Find the area of the region included between the parabola y2 = x and the line x + y = 2?

This problem involves some tedious calculations, where a mistake can easily be made. But the following is the basic method, breaking up the total area into parts to integrate with different limits of integration.

The parabola opens to the right, going above and below the x-axis, with vertex at the origin. the line has a negative slope = -1 or 45 degrees below the horizontal, with y-intercept at (0,2) and x intercept at (2,0)

You can break up the area into parts, solve the area for each part, and add them all together.

You need the x coordinate for where the line and parabola intersect. they intersect in 2 points, one above the x-axis and one below, at (1,1) and (4,-2) It helps to sketch the graph. Draw a vertical line above the x-axis from (1,0) to (1,1) breaking up the area above the x-axis into two parts. Draw a vertical line below the x-axis from (2,0) to (2,sqr2) That line divides the area below the x-axis into two parts.

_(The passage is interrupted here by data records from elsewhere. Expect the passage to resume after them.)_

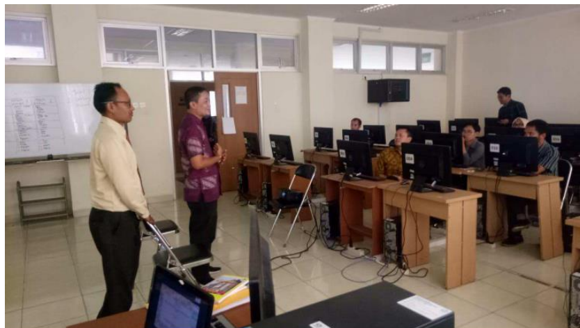
Gambar 2 : Sambutan dari Pimpinan Fakultas Ilmu Sosial dan Ilmu Politik UIN Sunan Gunung Djati Bandung

Pemograman (MTK-1) UIN Sunan Gunung Djati Bandung sesuai dengan surat undangan sebagai narasumber Nomor B-555/Un.05/III.8/KS.0.2/10/2019.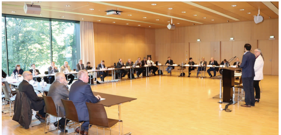
Ein Blick in die Tagungsrunde.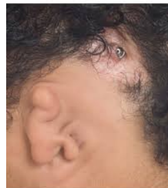
Fig. 2. Baha device components of the Baha system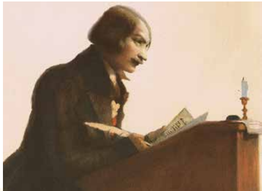
Ю. Коровін. Микола Гоголь. 1952 р.

бурзі на той час уже вирувало море «українського земляцтва». Однак відтоді «пихаті нащадки бояр» встигли отямитися й замислилися над тим, що час уже забрати в «хитрих хохлів» пальму першості в бюрократичних справах. Вони зрозуміли, що шлях до управління наймогутнішою в Європі державою проходить через сучасну європейську освіту.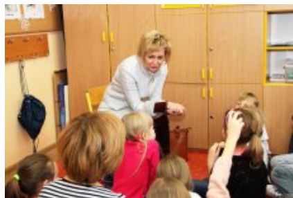
Spotkanie w Szkole Podstawowej nr 222 im. Jana Brzechwy w Warszawie

solve for y in both equations, and set them equal. y=x^1/2 and y=2-x

x^1/2 = 2-x then square both sides

x=4-4x+x² move all terms to the left side

x² - 5x +4 = 0 solve for x

factor (x-4)(x-1) set the factors = 0, solve for x x-1=0 x=1, x-4=0 x=4

x=1 is where the line and parabola intersect above the x axis. 4 is where they intersect below the x-axis. You need that to know the limits of integration. Break up the area into 4 parts, two above the x-axis and two below. with limits of integration from 0 to 1 and from 1 to 2 for above the x-axis and from 0 to 1 and 1 to 4 for below the x axis.

For above, from x= 0 to 1

The area is the integral of x^1/2 which is 2x^3/2/3 evaluated from 0 to 1, which is 2-0 = 2/3. The integral is found by increasing the power of x by 1 1/2+1=2/3 Then dividing by 2/3.. When x=1, the integral=2/3. subtract when x=0, when the integral =0 2/3 - 0 = 2/3

For above from x=1 to 2

the area is 1/2 the area of a triangle, with base=1 and height=1 or 1/2(1)(1) = 1/2

the base is the x-axis from 1 to 2, the height is from the point (1,0) to (1,1)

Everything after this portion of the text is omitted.